Sunday, January 22, 2017

A very fast narrow complex tachycardia in an Infant

Case 1

A 4 month old infant with known co-arctation of the aorta and reflux presented with respiratory distress.

Here is the ECG:
A Narrow Complex Tachycardia with a rate of 218.
What is the rhythm?














Answer: there are clear P-waves in nearly every lead.  Notice the intervals are very short, which is typical of infants.  Infants can have very fast sinus tachycardia, easily reaching a rate of 220.  Most SVT in infants is faster than 220.

Throughout this case, the patient was on a cardiac monitor and the rate drifted up as high as 246, still in sinus (not recorded)!

The tachycardia turned out to be a result of disease (pneumonia), not a cause of it.

Case 2

This newborn presented to the ED for some exudate on the umbilical stump. There was no fever.  The infant was very well appearing.  The palpated heart rate at triage was 140.  There were no respiratory symptoms.

The ECG was performed because, on auscultation, the heart rate was far higher than palpated by pulse.
Narrow complex tachycardia at a rate of 300.

This shows how fast SVT can go in an infant and how well tolerated it might be.  This infant was completely without any signs of illness.

There is also electrical alternans, which is a normal finding in PSVT.

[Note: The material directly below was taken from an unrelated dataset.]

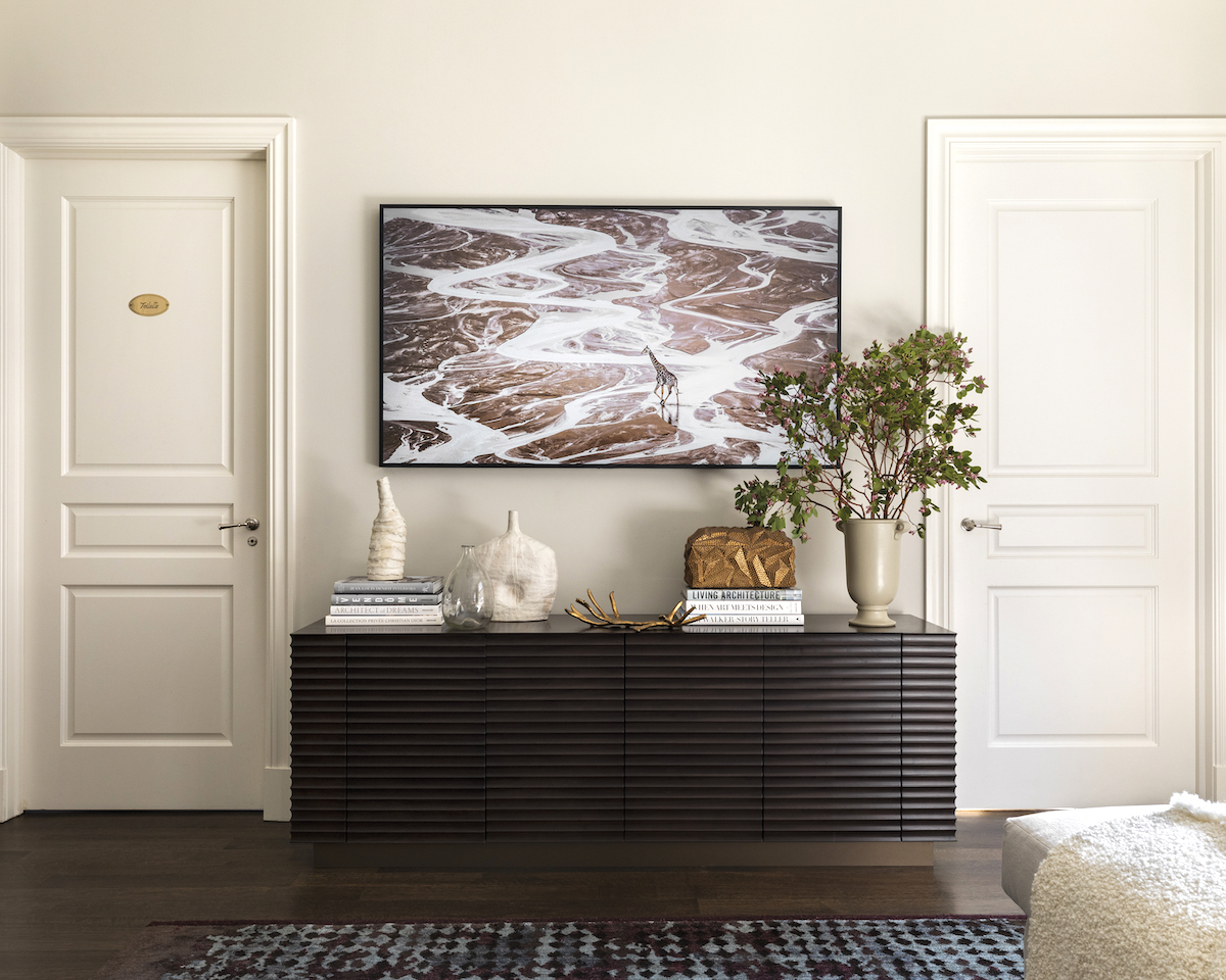 Fluted on all sides with mitered doors, sides and top, this walnut console by Donna Mondi and crafted by New Style, is an engineering marvel, accommodating the thickness for the doors, and aligning all elements so that no edges were visible from the top and front. The result is a unique console that doesn’t compromise functionality or style.
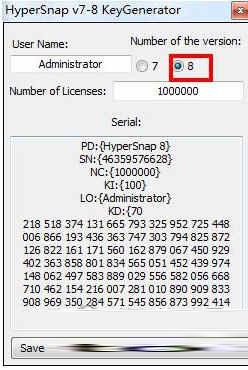 5、勾选软件版本号“8”,并点击“Generate”生成注册码

If you see this in sinus tachycardia, it indicates tamponade.

It was converted to sinus with adenosine.













Learning points

This shows how well a newborn/young infant tolerates a very fast heart rate, and that sinus tachycardia of 218 is not unusual, and may even go as high as 240!

If in doubt, use Lewis leads to find otherwise hidden P-waves

I don't have a case of use of Lewis leads in pediatrics, but here is a nice one in an adult:

Wide Complex Tachycardia. What is the Diagnosis? Use of the Lewis Lead.








2 comments:

  1. Most of us (assuming no pediatric cardiologists are listening) do not see a large number of pediatric arrhythmias (certainly far less than we’ve all seen in adults). As a result — level of comfort in both diagnosis and management tends to be less than that attained with adult arrhythmias. As wonderfully emphasized by Dr. Smith by the 2 pediatric arrhythmia examples shown here — accurate determination of rate is CRITICAL in the assessment of pediatric arrhythmias. For this determination — I have found use of the “Every-other-Beat” (or sometimes, “Every-third-Beat”) method a user-friendly way to rapidly and accurate determine heart rate for any regular fast rhythm. While most of us recall, “300- 150 - 100 - 75 - 60 - 50” as the answers for rate calculation when the R-R interval of a regular tachycardia is 1, 2, 3, 4, 5 or 6 large boxes, respectively — this becomes problematic with very fast rates. That’s because small differences in measurements may translate into significant under- or over-estimates of rate when rounding off dimensions of the R-R interval. But IF you instead only look at every-OTHER beat — you’ll find it a MUCH more accurate way for determining HALF the rate — which you then just double to accurately determine the actual rate.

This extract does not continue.